*** Records supplied Section Begins ***
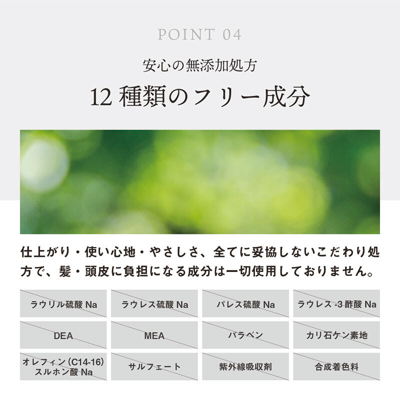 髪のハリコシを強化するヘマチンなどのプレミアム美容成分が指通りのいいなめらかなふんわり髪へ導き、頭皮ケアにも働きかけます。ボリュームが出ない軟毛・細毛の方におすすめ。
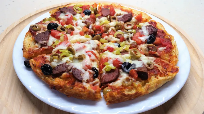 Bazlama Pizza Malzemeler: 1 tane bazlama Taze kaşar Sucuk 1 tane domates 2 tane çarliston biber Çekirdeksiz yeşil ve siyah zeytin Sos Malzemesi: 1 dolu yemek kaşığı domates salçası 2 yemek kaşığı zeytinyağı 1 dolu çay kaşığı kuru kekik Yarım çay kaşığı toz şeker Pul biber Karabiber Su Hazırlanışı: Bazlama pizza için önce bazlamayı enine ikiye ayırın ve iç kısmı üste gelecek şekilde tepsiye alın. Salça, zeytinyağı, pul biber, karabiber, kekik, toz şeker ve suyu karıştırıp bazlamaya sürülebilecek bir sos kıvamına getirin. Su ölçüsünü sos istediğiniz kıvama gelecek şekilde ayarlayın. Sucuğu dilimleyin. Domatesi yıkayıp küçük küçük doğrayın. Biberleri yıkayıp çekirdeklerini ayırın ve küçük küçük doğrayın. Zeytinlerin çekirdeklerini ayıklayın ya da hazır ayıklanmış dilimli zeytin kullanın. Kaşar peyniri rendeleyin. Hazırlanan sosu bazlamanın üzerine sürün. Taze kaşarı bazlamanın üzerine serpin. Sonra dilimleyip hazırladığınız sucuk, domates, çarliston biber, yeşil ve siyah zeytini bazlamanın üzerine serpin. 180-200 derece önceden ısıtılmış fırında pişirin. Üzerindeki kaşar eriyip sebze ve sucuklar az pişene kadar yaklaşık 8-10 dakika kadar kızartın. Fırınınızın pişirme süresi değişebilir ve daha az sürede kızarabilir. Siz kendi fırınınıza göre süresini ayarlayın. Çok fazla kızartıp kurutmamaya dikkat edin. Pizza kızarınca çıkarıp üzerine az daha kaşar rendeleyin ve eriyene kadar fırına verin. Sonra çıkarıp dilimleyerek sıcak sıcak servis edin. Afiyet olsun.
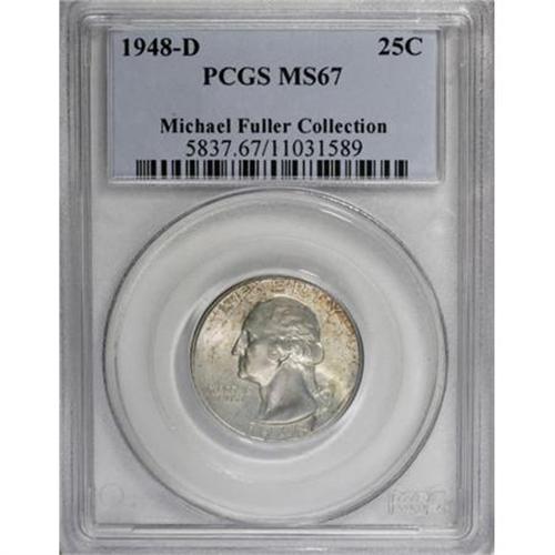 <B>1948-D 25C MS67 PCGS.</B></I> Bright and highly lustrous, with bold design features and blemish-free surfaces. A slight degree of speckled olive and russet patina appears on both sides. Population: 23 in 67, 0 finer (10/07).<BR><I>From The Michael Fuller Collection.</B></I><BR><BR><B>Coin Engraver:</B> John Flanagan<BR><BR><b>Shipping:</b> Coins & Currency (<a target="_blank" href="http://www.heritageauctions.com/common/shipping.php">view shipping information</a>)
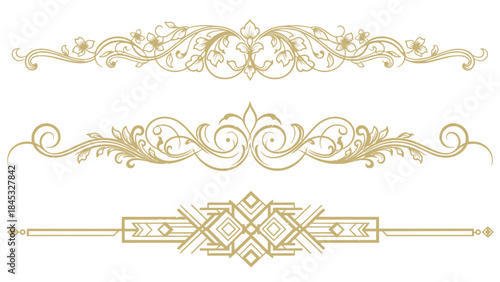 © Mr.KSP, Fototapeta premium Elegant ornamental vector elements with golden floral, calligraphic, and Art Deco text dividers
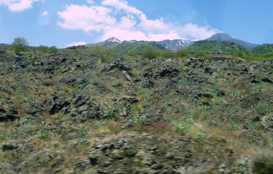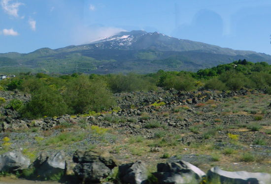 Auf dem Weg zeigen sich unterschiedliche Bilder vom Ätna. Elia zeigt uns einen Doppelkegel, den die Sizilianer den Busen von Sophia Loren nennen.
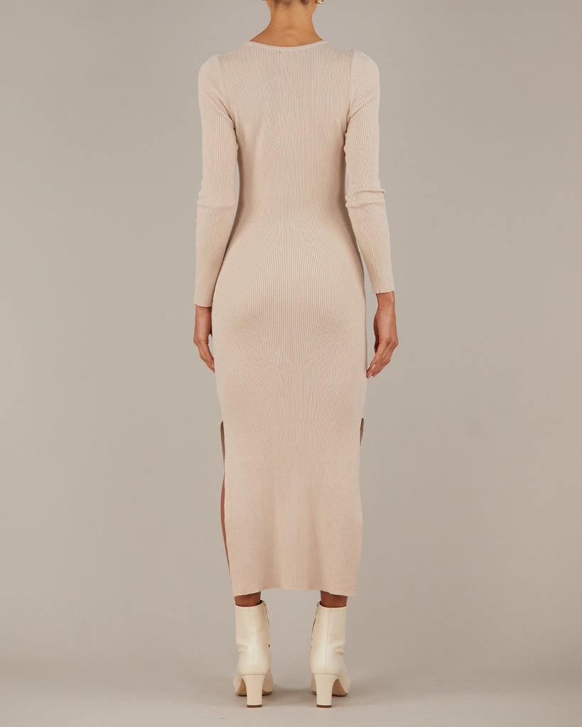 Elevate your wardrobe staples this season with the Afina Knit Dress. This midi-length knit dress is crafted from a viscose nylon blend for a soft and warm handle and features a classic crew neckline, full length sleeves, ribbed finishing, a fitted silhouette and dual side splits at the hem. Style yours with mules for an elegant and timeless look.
*** Records supplied Section Ends ***
### [Your objective]
If pictures appear in the data, omit them and copy all other parts exactly.

### [Response to the task]
 髪のハリコシを強化するヘマチンなどのプレミアム美容成分が指通りのいいなめらかなふんわり髪へ導き、頭皮ケアにも働きかけます。ボリュームが出ない軟毛・細毛の方におすすめ。
 Bazlama Pizza Malzemeler: 1 tane bazlama Taze kaşar Sucuk 1 tane domates 2 tane çarliston biber Çekirdeksiz yeşil ve siyah zeytin Sos Malzemesi: 1 dolu yemek kaşığı domates salçası 2 yemek kaşığı zeytinyağı 1 dolu çay kaşığı kuru kekik Yarım çay kaşığı toz şeker Pul biber Karabiber Su Hazırlanışı: Bazlama pizza için önce bazlamayı enine ikiye ayırın ve iç kısmı üste gelecek şekilde tepsiye alın. Salça, zeytinyağı, pul biber, karabiber, kekik, toz şeker ve suyu karıştırıp bazlamaya sürülebilecek bir sos kıvamına getirin. Su ölçüsünü sos istediğiniz kıvama gelecek şekilde ayarlayın. Sucuğu dilimleyin. Domatesi yıkayıp küçük küçük doğrayın. Biberleri yıkayıp çekirdeklerini ayırın ve küçük küçük doğrayın. Zeytinlerin çekirdeklerini ayıklayın ya da hazır ayıklanmış dilimli zeytin kullanın. Kaşar peyniri rendeleyin. Hazırlanan sosu bazlamanın üzerine sürün. Taze kaşarı bazlamanın üzerine serpin. Sonra dilimleyip hazırladığınız sucuk, domates, çarliston biber, yeşil ve siyah zeytini bazlamanın üzerine serpin. 180-200 derece önceden ısıtılmış fırında pişirin. Üzerindeki kaşar eriyip sebze ve sucuklar az pişene kadar yaklaşık 8-10 dakika kadar kızartın. Fırınınızın pişirme süresi değişebilir ve daha az sürede kızarabilir. Siz kendi fırınınıza göre süresini ayarlayın. Çok fazla kızartıp kurutmamaya dikkat edin. Pizza kızarınca çıkarıp üzerine az daha kaşar rendeleyin ve eriyene kadar fırına verin. Sonra çıkarıp dilimleyerek sıcak sıcak servis edin. Afiyet olsun.
 <B>1948-D 25C MS67 PCGS.</B></I> Bright and highly lustrous, with bold design features and blemish-free surfaces. A slight degree of speckled olive and russet patina appears on both sides. Population: 23 in 67, 0 finer (10/07).<BR><I>From The Michael Fuller Collection.</B></I><BR><BR><B>Coin Engraver:</B> John Flanagan<BR><BR><b>Shipping:</b> Coins & Currency (<a target="_blank" href="http://www.heritageauctions.com/common/shipping.php">view shipping information</a>)
 © Mr.KSP, Fototapeta premium Elegant ornamental vector elements with golden floral, calligraphic, and Art Deco text dividers
 Auf dem Weg zeigen sich unterschiedliche Bilder vom Ätna. Elia zeigt uns einen Doppelkegel, den die Sizilianer den Busen von Sophia Loren nennen.
 Elevate your wardrobe staples this season with the Afina Knit Dress. This midi-length knit dress is crafted from a viscose nylon blend for a soft and warm handle and features a classic crew neckline, full length sleeves, ribbed finishing, a fitted silhouette and dual side splits at the hem. Style yours with mules for an elegant and timeless look.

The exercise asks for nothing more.